Differential Revision: D62329906

[ghstack-poisoned]
@pytorch-bot
Copy link

pytorch-bot bot commented Sep 6, 2024

🔗 Helpful Links

🧪 See artifacts and rendered test results at hud.pytorch.org/pr/135374

Note: Links to docs will display an error until the docs builds have been completed.

✅ You can merge normally! (1 Unrelated Failure)

As of commit 51be90c with merge base eb38ee2 (image):

FLAKY - The following job failed but was likely due to flakiness present on trunk:

This comment was automatically generated by Dr. CI and updates every 15 minutes.

cc voznesenskym penguinwu EikanWang jgong5 Guobing-Chen XiaobingSuper zhuhaozhe blzheng wenzhe-nrv jiayisunx ipiszy yf225 chenyang78 kadeng muchulee8 ColinPeppler amjames desertfire chauhang

[ghstack-poisoned]
* Added a cpp loader, AOTIModelPackageLoader, which can load the .pt2, build the .so, and create a runner. The python-facing API is that users can directly call the `run` function, whereas in cpp users can directly access the `runner_` if they are more familiar with that. I couldn't figure out how to bind the `get_runner()` function to python...
* Added a new config, `aot_inductor.package_cpp_only` which will **not** package the so. This means that whenever the package is loaded, we will need to build the so. This is turned off by default so that new environments do not need to rebuild their so. The `package_cpp_only` is a feature which torchchat intends to use to provide flexibility to users.
* Added a new config, `aot_inductor.metadata` which stores user-provided metadata, serialized to the pt2 as a json file. It also stores the device used when exporting, "cuda" or "cpu", so that during load time, we can use that data to determine which AOTIModelContainerRunner to use. The metadata can be accessed through `loader.get_metadata()`. TODO is to move this metadata to the toplevel `package_aoti` function so that we can remove the metadata as a config.
* Separated out `package_aoti` as a standalone function, instead of it automatically being called in inductor. This is to prepare for the case where users will compile multiple models, and want to bundle it in one package. The specific use case is in torchchat, where we want to package the separately-exported encoder and decoder layers. An example of how to use this is in `test_multiple_methods`.
* `load_package` will load a singular model, given the model name. 
* The loader doesn't support windows for now, I think I need to add some more casing to make the build commands work on windows?

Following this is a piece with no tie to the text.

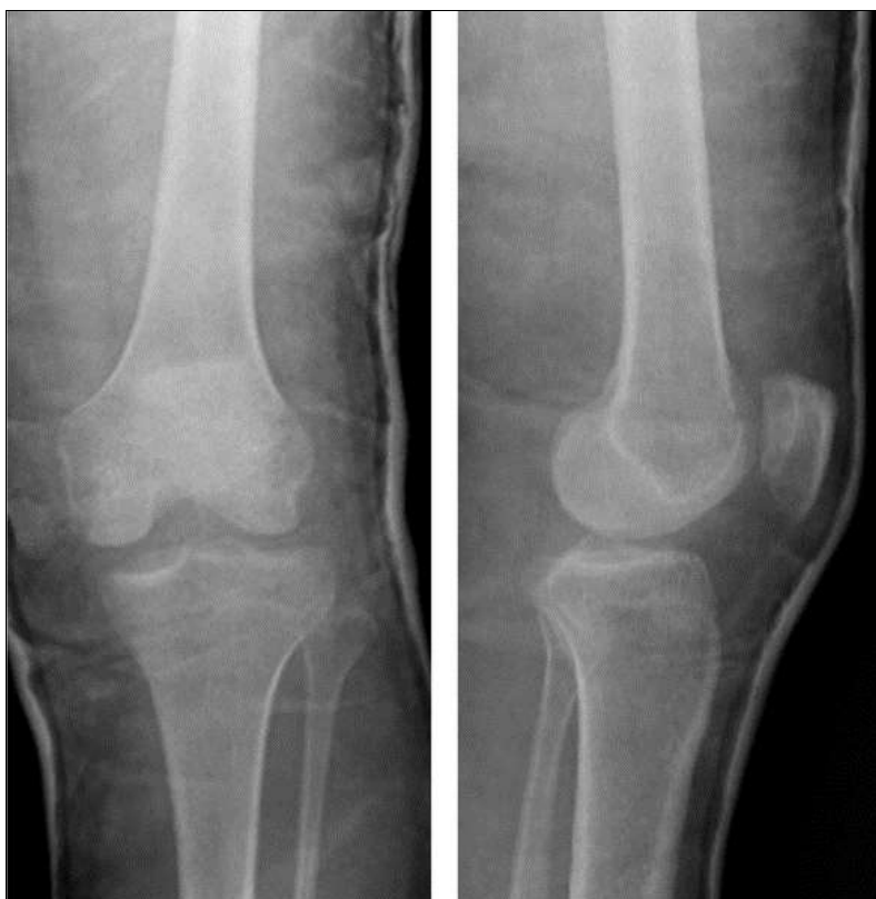
Fig 1: Radiograph showing a widened medial joint space and lateral tibial translation.

Despite initial MCL repair, the knee remained highly unstable, with a persistently positive posterior drawer test. This warranted subsequent ACL and PCL reconstruction, despite the PCL appearing only partially ruptured on MRI. This suggests that in similar cases, central pivot ligament injuries should be addressed early, either before or in conjunction with MCL repair [10].

cc voznesenskym penguinwu EikanWang jgong5 Guobing-Chen XiaobingSuper zhuhaozhe blzheng wenzhe-nrv jiayisunx ipiszy yf225 chenyang78 kadeng muchulee8 ColinPeppler amjames desertfire chauhang

[ghstack-poisoned]
@angelayi angelayi requested a review from jeffdaily as a code owner September 6, 2024 21:18
* Added a cpp loader, AOTIModelPackageLoader, which can load the .pt2, build the .so, and create a runner. The python-facing API is that users can directly call the `run` function, whereas in cpp users can directly access the `runner_` if they are more familiar with that. I couldn't figure out how to bind the `get_runner()` function to python...
* Added a new config, `aot_inductor.package_cpp_only` which will **not** package the so. This means that whenever the package is loaded, we will need to build the so. This is turned off by default so that new environments do not need to rebuild their so. The `package_cpp_only` is a feature which torchchat intends to use to provide flexibility to users.
* Added a new config, `aot_inductor.metadata` which stores user-provided metadata, serialized to the pt2 as a json file. It also stores the device used when exporting, "cuda" or "cpu", so that during load time, we can use that data to determine which AOTIModelContainerRunner to use. The metadata can be accessed through `loader.get_metadata()`. TODO is to move this metadata to the toplevel `package_aoti` function so that we can remove the metadata as a config.
* Separated out `package_aoti` as a standalone function, instead of it automatically being called in inductor. This is to prepare for the case where users will compile multiple models, and want to bundle it in one package. The specific use case is in torchchat, where we want to package the separately-exported encoder and decoder layers. An example of how to use this is in `test_multiple_methods`.
* `load_package` will load a singular model, given the model name. 
* The loader doesn't support windows for now, I think I need to add some more casing to make the build commands work on windows?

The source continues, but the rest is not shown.